With the completion of America’s transcontinental railroad, the need for cheap labor diminished and xenophobia increased. Mining in the Arizona Territory attracted immigrant labor from England, Ireland, and Mexico. Chinese workers trickled down from California and still more arrived from China, increasing the Territory’s Chinese population from 20 to over 1500 in ten year’s time.

But the increasing number of white Americans arriving in Arizona brought the “demonization” of Chinese workers with them. The threat of miscegenation was brandished in lurid fashion, along with the belief that “wily Mongolians” were taking jobs from American citizens. In the mining town of Bisbee, widows of mine workers resorted to taking in laundry to make ends meet and they claimed Chinese laundries were taking bread from the mouths of their fatherless children. Washerwomen in Tombstone added their complaints to the furor and laundering became a forbidden occupation to Chinese “adjunct labor” in mining areas.

IMG_4078.jpg

Tucson was less restrictive with its diversity of population, with Mexicans making up 64% of the town’s population.
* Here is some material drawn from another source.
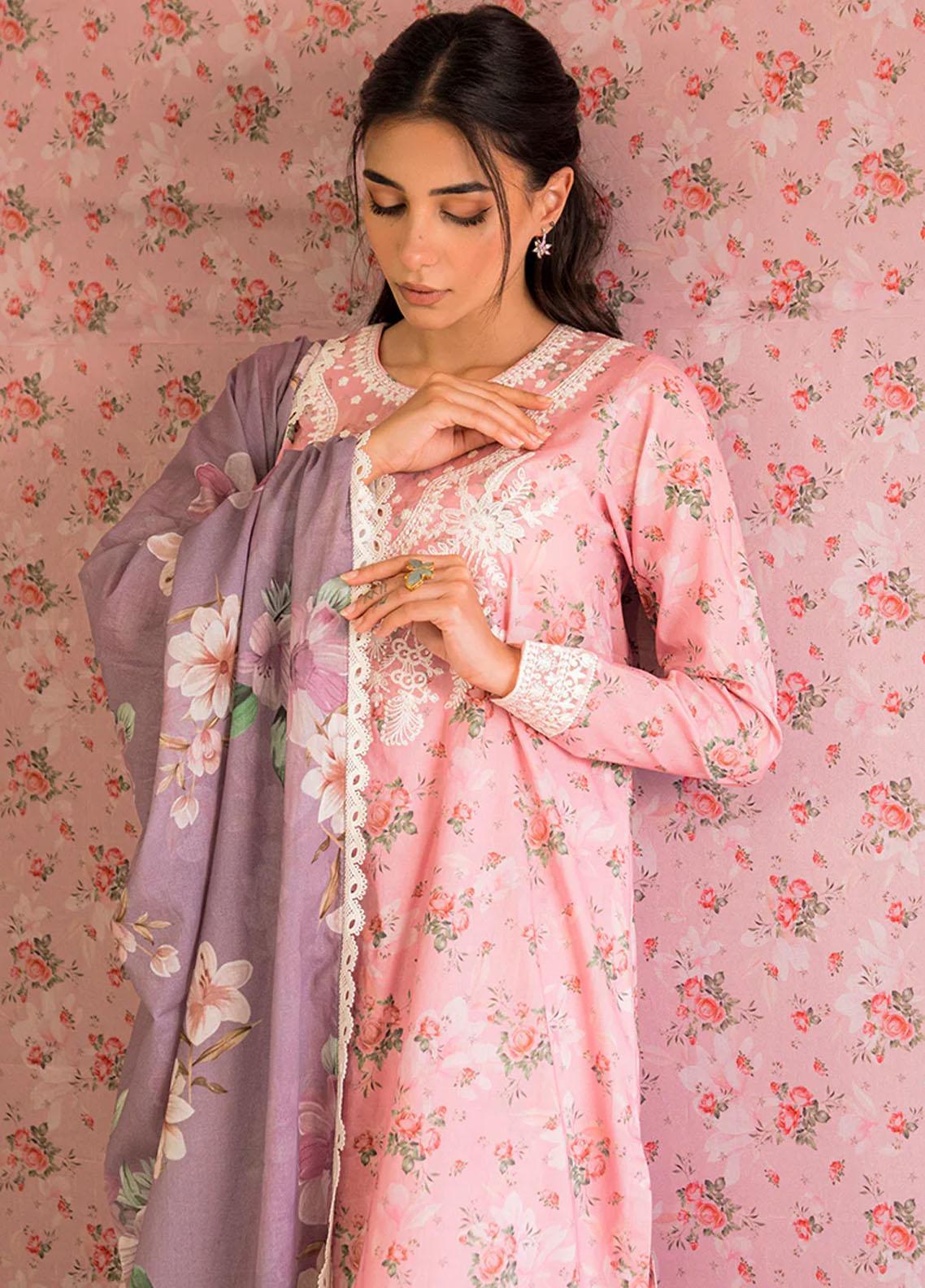 Cross Stitch Embroidered Lawn Suits Unstitched 3 Piece CS23PP D-08 Rose Gleam - Summer Collection

One of the leading businessmen, Leopoldo Carrillo, began renting small tracts of land to Chinese truck farmers. As these farmers achieved success, some opened grocery and dry goods stores and even laundries. An economic kinship grew between Tucson’s Mexicans and Chinese, with Mexican families renting rooms to Chinese laborers and leasing land where Chinese families could build homes. Soon the area known as El Barrio where the Mexicans of Tucson lived became inhabited by Chinese workers. Although Tucson never had an officially established Chinatown, by 1883 the Chinese residents of El Barrio had established “four large buildings, two washhouses, three stores, two opium dens, and a block-long adobe structure that ‘lost all its Spanish-American attributes and [became] wholly oriental.”

The relationship that was formed between Chinese and Mexicans, a form of kith that could be as strong as kin, made it an easy matter for Chinese to flow across the porous border into Sonora, Mexico when U.S. immigration policies and racial discrimination made that country an unattractive destination. Chinese labor flooded into Mexico by ship and then were trafficked across the border to U.S. towns.  Others remained in Mexico, “becoming a vital part of Mexico’s economic reality.” By 1910, 13,203 Chinese lived in Sonora and other states of northern Mexico.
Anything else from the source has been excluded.